IndicFT
fastText is a subword-aware word embedding model. It is particularly well-suited for Indian languages due to their highly agglutinative morphology. We train fastText models on our IndicNLP Corpora and evaluate them on a set of tasks to measure its performance.
Our fastText models are available for 11 Indian languages: Assamese, Bengali, English, Gujarati, Hindi, Kannada, Malayalam, Marathi, Oriya, Punjabi, Tamil, Telugu.
To use our fastText models, first download them. Next, install the fastText library:
pip3 install fasttext
and then load the models like this:
import fasttext
model = fasttext.load_model(path_to_binary_file)
For instructions on how to use these models, please refer to the official fastText documentation
| Language | as | pa | hi | bn | or | gu | mr | kn | te | ml | ta |
|---|---|---|---|---|---|---|---|---|---|---|---|
| Vectors | link | link | link | link | link | link | link | link | link | link | link |
| Model | link | link | link | link | link | link | link | link | link | link | link |
For a full results of evaluation, check our paper.

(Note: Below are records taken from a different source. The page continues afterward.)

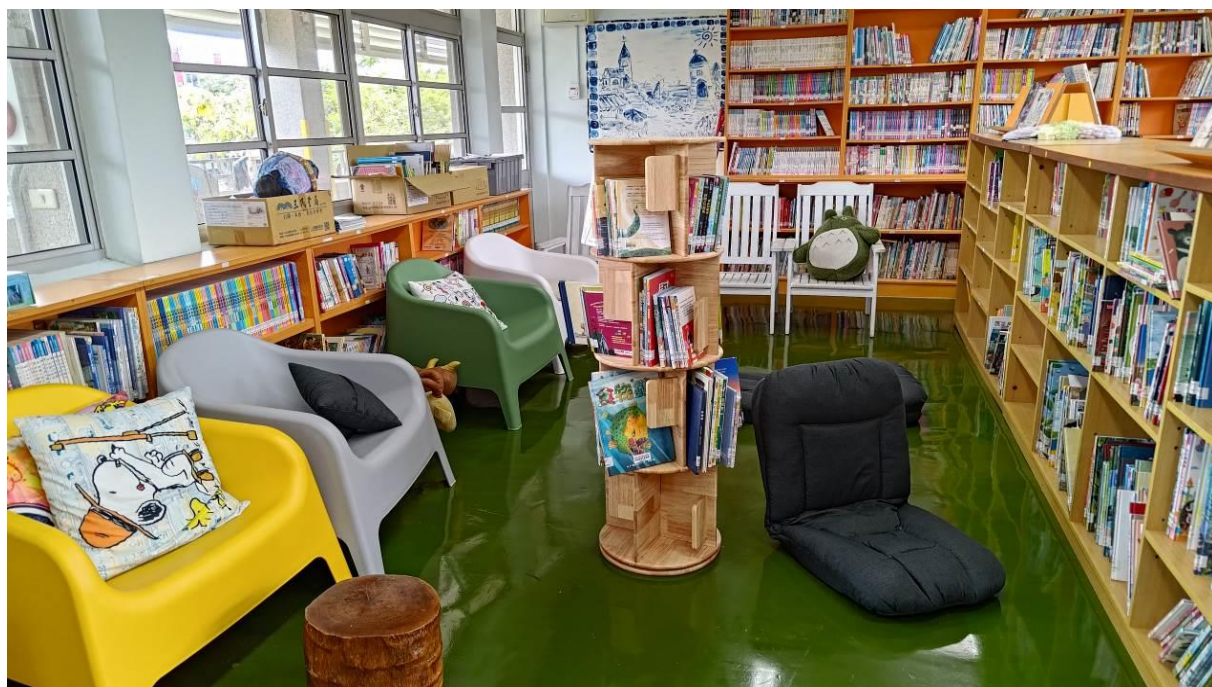
圖書室一角，給孩子舒適自在的閱讀環境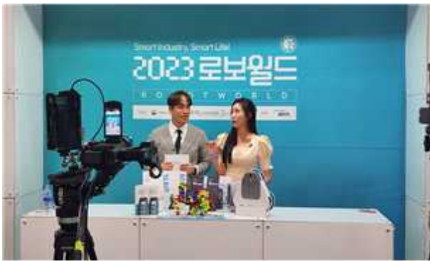
< 전시회 현장 라이브커머스 >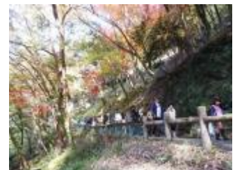
人人人の滝道。進むのも一苦労。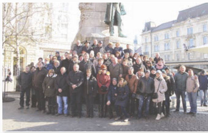
Cerkvenjačanke in Cerkvenjačani pod Prešernovim spomenikom v Ljubljani ob ekskurziji v slovenski metropoli decembra 2016.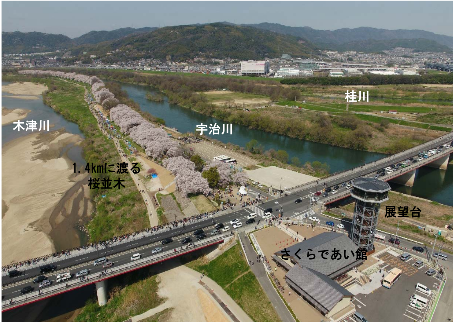
▲御幸橋上流側から下流方向を望む (H30. 4)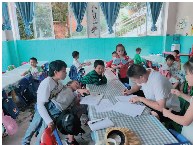
项目前期基线调研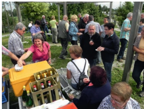
Worscht und Wein verkürzen die Anreise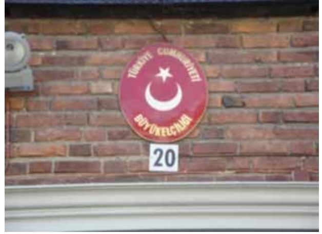
Stocholm Türk Büyükelçiliği-Eğitim Müşavirliği

Parlamento insan hakları komisyonu üyesi iktidar partisinden (koalisyon hükûmeti) üç milletvekili ve muhalefet partisinden bir milletvekili olmak üzere dört milletvekili ile bir toplantı yapıldı. Okullarda demokratik eğitimin gerekli olduğu konusunda, iktidar ve muhalefet partisi de hemfikir. Eğitimle ilgili büyük kararların alınmasında iktidar ve muhalefet partilerinin uzlaşması önemli. Bu nedenle alınacak kararlarla ilgili iktidar partisi muhalefet partisiyle paylaşımlarda bulunuyor. Ayrıca hükûmet değişikliklerinde eğitim politikasının devamlılığının sağlanmasının önemli olduğu vurgulanıyor Uluslararası sınav sonuçları eğitim politikalarının belirlenmesinde oldukça etkili. İsveç'in uluslararası sınavlardaki (PISA, TIMSS ve PIRLS) başarısı ise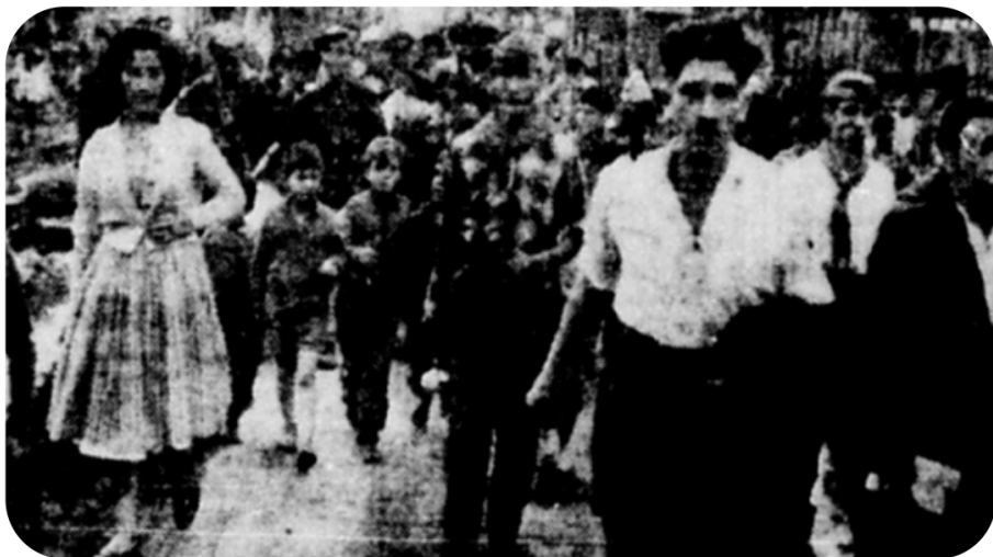
Diario El Siglo "Marcha Lota-Coronel." (1960) [Fotografía]. Recuperado de http://patrimoniogenero.dibam.cl

En Lota, la ciudad del carbón, hubo mujeres que jugaron un papel en la producción del carbón, específicamente en la limpieza y clasificación.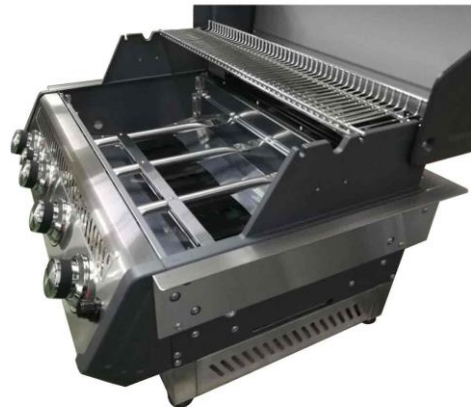
Datenblatt „Maße“ Gasgrill SANTOS Free S-410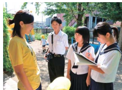
みんなで取材をします

先生たちにも、職場のことについて聞きました。まず最初に4人の職場体験の様子を聞いてみました。「一生懸命がんばって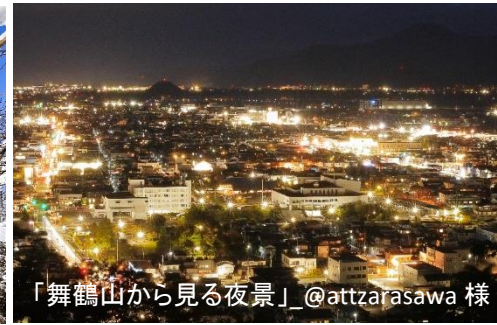
「舞鶴山から見る夜景」_@attzarasawa 様

Here, we show some of the evaluations.
| Language | fastText wiki | fastText wiki+CC | Indic fastText |
|---|---|---|---|
| pa | 0.467 | 0.384 | 0.445 |
| hi | 0.575 | 0.551 | 0.598 |
| gu | 0.507 | 0.521 | 0.600 |
| mr | 0.497 | 0.544 | 0.509 |
| te | 0.559 | 0.543 | 0.578 |
| ta | 0.439 | 0.438 | 0.422 |
| Average | 0.507 | 0.497 | 0.525 |
| Language | fastText wiki | fastText wiki+CC | Indic fastText |
|---|---|---|---|
| pa | 97.12 | 95.53 | 96.47 |
| bn | 96.57 | 97.57 | 97.71 |
| or | 94.80 | 96.20 | 98.43 |
| gu | 95.12 | 94.63 | 99.02 |
| mr | 96.44 | 97.07 | 99.37 |
| kn | 95.93 | 96.53 | 97.43 |
| te | 98.67 | 98.08 | 99.17 |
| ml | 89.02 | 89.18 | 92.83 |
| ta | 95.99 | 95.90 | 97.26 |
| Average | 95.52 | 95.63 | 97.52 |
If you are using IndicFT, please cite the following paper:
@inproceedings{kakwani2020indicnlpsuite,
title={{IndicNLPSuite: Monolingual Corpora, Evaluation Benchmarks and Pre-trained Multilingual Language Models for Indian Languages}},
author={Divyanshu Kakwani and Anoop Kunchukuttan and Satish Golla and Gokul N.C. and Avik Bhattacharyya and Mitesh M. Khapra and Pratyush Kumar},
year={2020},
booktitle={Findings of EMNLP},
}
The IndicFT embeddings are released under the MIT License.